This paper studies extreme values in infinite moving average processes $X_t = \sum_\lambda c_{\lambda - t} Z_\lambda$ defined from an i.i.d. noise sequence $\{Z_\lambda\}$. In particular this includes the ARMA-processes often used in time series analysis. A fairly complete extremal theory is developed for the cases when the d.f. of the $Z_\lambda$'s has a smooth tail which decreases approximately as $\exp\{- z^p\}$ as $z \rightarrow \infty$, for $0 < p < \infty$, or as a power of $z$. The influence of the averaging on extreme values depends on $p$ and the $c_\lambda$'s in a rather intricate way.
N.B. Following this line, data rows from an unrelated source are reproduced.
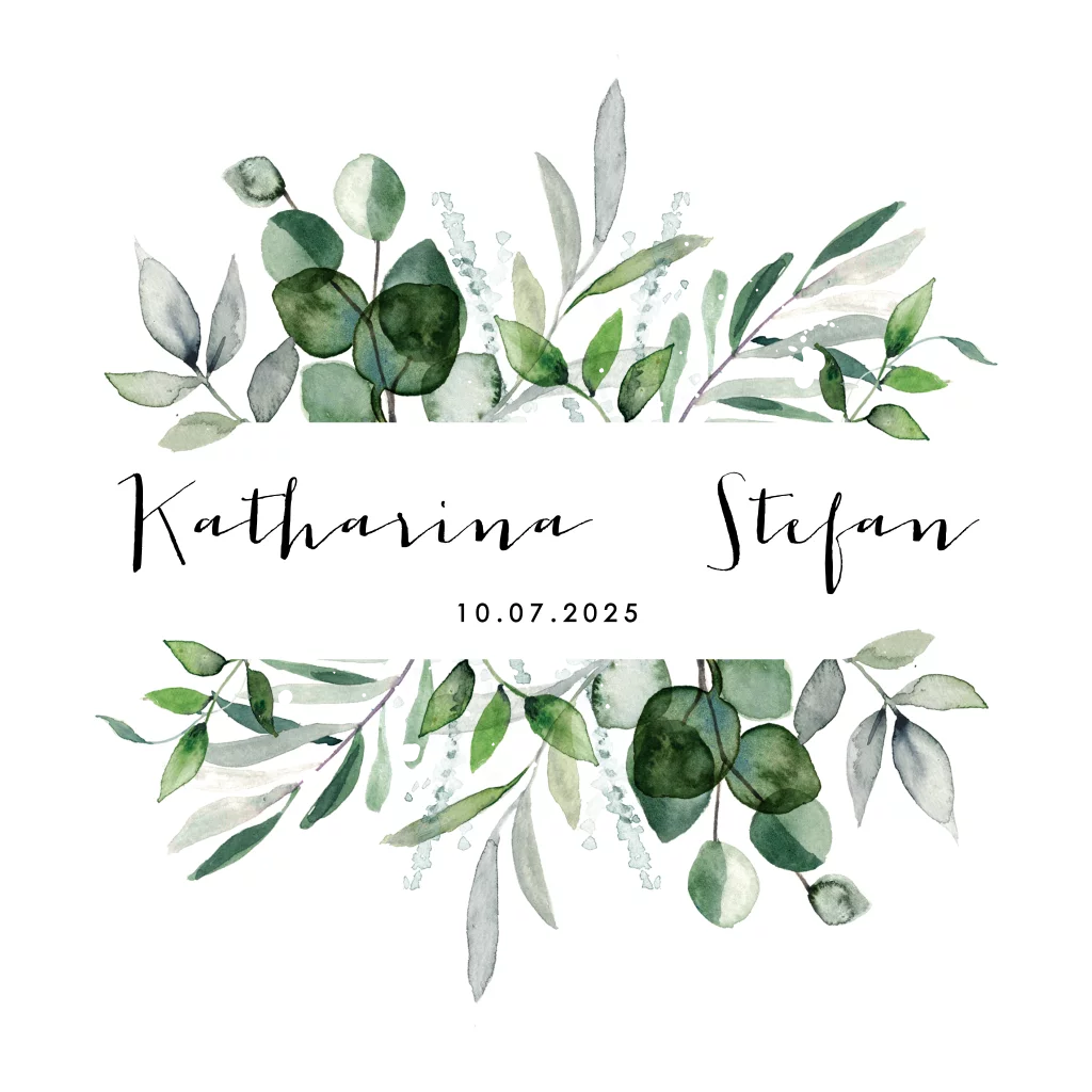Hochzeitseinladung mit grünen Blättern: "Eukalyptus"
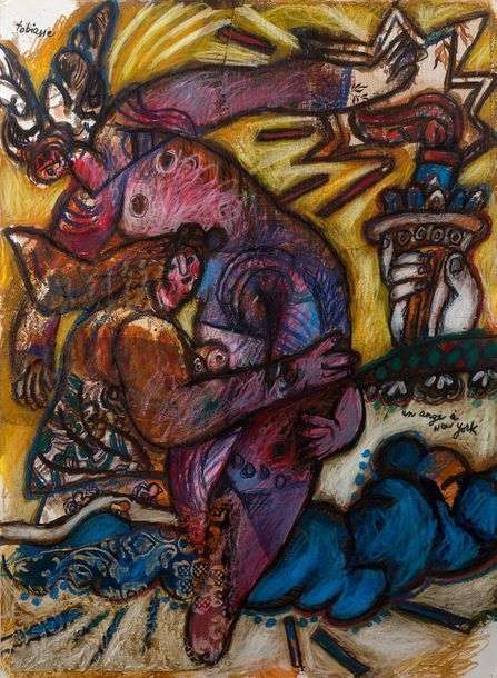 Technique mixte sur papier, signée en haut
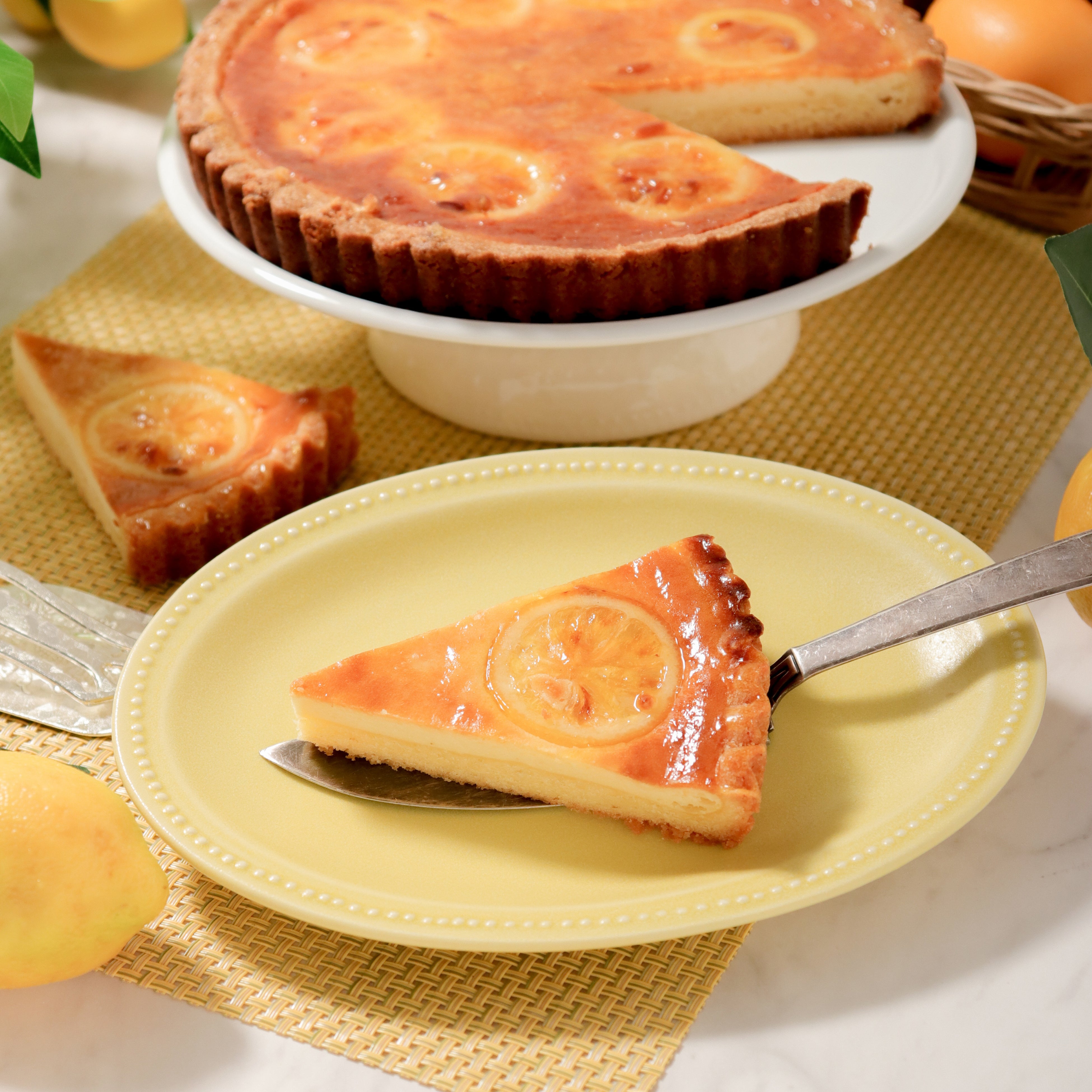 レモンをあわせたチーズクリームをタルト生地に流し込み、シロップ漬けのレモンスライスをのせたチーズケーキ風のレモンタルト。

For $p = 2$, which includes normal sequences, the correlation function $r_t = \sum_\lambda c_{\lambda - t}c_\lambda/\sum_\lambda c^2_\lambda$ determines extremal behavior while, perhaps more surprisingly, for $p \neq 2$ correlations have little bearing on extremes. Further, the sample paths of $\{X_t\}$ near extreme values asymptotically assume a specific nonrandom form, which again depends on $p$ and $\{c_\lambda\}$ in an interesting way. One use of this latter result is as an informal quantitative check of a fitted moving average (or ARMA) model, by comparing the sample path behavior predicted by the model with the observed sample paths.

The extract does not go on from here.